━━━━━ Entries shown
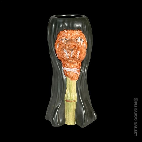 (1960s) A catalog item most probably imported by Orchids of Hawaii or Quon Quon. Nice faux wood design. VG+. 6.5"x2.5"dia.
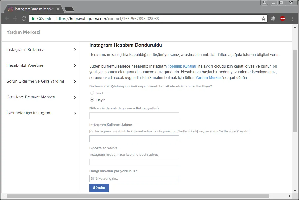 - Formu Gönderin: Tüm bilgileri doğru ve eksiksiz bir şekilde doldurduktan sonra, formu gönderin. Bu, hesabınızın durumunu gözden geçirmeleri için Instagram yetkililerine bilgi verir.
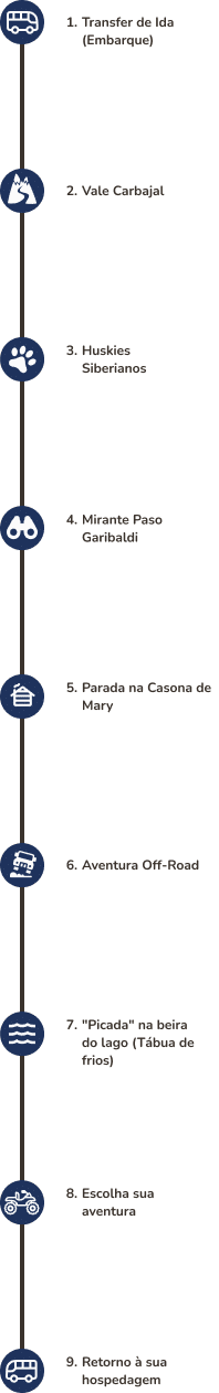 A aventura te leva ao mirante do Vale Carbajal , rodeado de turfeiras e montanhas; depois, ao criadouro de cães huskies siberianos de Siberianos del Fuego, onde você vai encontrar esses cachorrinhos cheios de energia; e em seguida, para o mirante do Passe Garibaldi, nossa passagem transcordilheirana, com vistas para os Lagos Escondido e Fagnano.
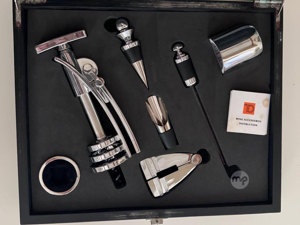Never used - 7 pieces of wine accessories in stainless steel, presented in a wooden black box.
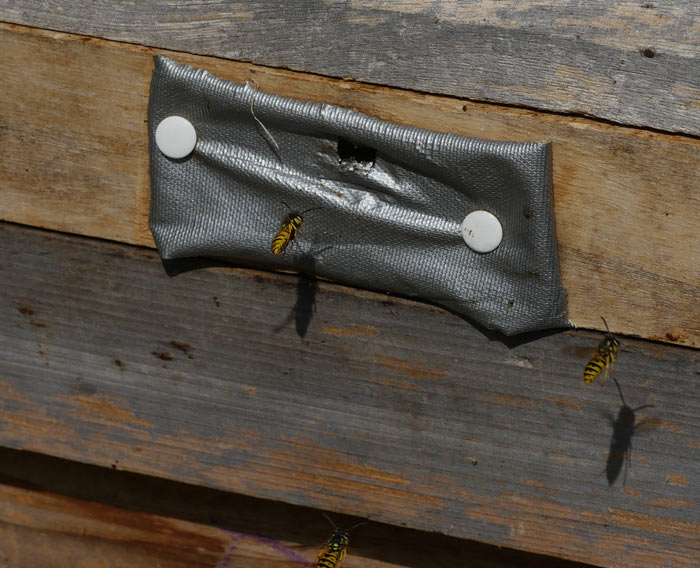 Nicht nur Menschen, sondern auch Bienen empfinden Wespen als lästige Quälgeister. Ob sie einem Volk wirklich gefährlich werden können, glaube ich nicht. Dafür fehlt ihnen die Masse. Doch Wespen verfügen mit ihrem Schneidgerät über ein Werkzeug, das den Bienen fehlt. Auf dem Foto sehen Sie, wie sich die Wespen Zugang zu einem Bienenvolk verschafften. Sie frästen einfach ein Loch durch eine stabile 3M-Folie.
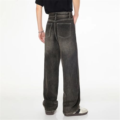 HOT ! Men's High Street Hip Hop Wide Leg Loose Straight Dirty Pants Classic Retro Casual Jeans
━━━━━━━━━━
Print nothing but the lines above starting with the line that contains "A aventura te" and going on through the line that contains "Nicht nur Menschen, sondern". Leave out the pictures.

 A aventura te leva ao mirante do Vale Carbajal , rodeado de turfeiras e montanhas; depois, ao criadouro de cães huskies siberianos de Siberianos del Fuego, onde você vai encontrar esses cachorrinhos cheios de energia; e em seguida, para o mirante do Passe Garibaldi, nossa passagem transcordilheirana, com vistas para os Lagos Escondido e Fagnano.
Never used - 7 pieces of wine accessories in stainless steel, presented in a wooden black box.
 Nicht nur Menschen, sondern auch Bienen empfinden Wespen als lästige Quälgeister. Ob sie einem Volk wirklich gefährlich werden können, glaube ich nicht. Dafür fehlt ihnen die Masse. Doch Wespen verfügen mit ihrem Schneidgerät über ein Werkzeug, das den Bienen fehlt. Auf dem Foto sehen Sie, wie sich die Wespen Zugang zu einem Bienenvolk verschafften. Sie frästen einfach ein Loch durch eine stabile 3M-Folie.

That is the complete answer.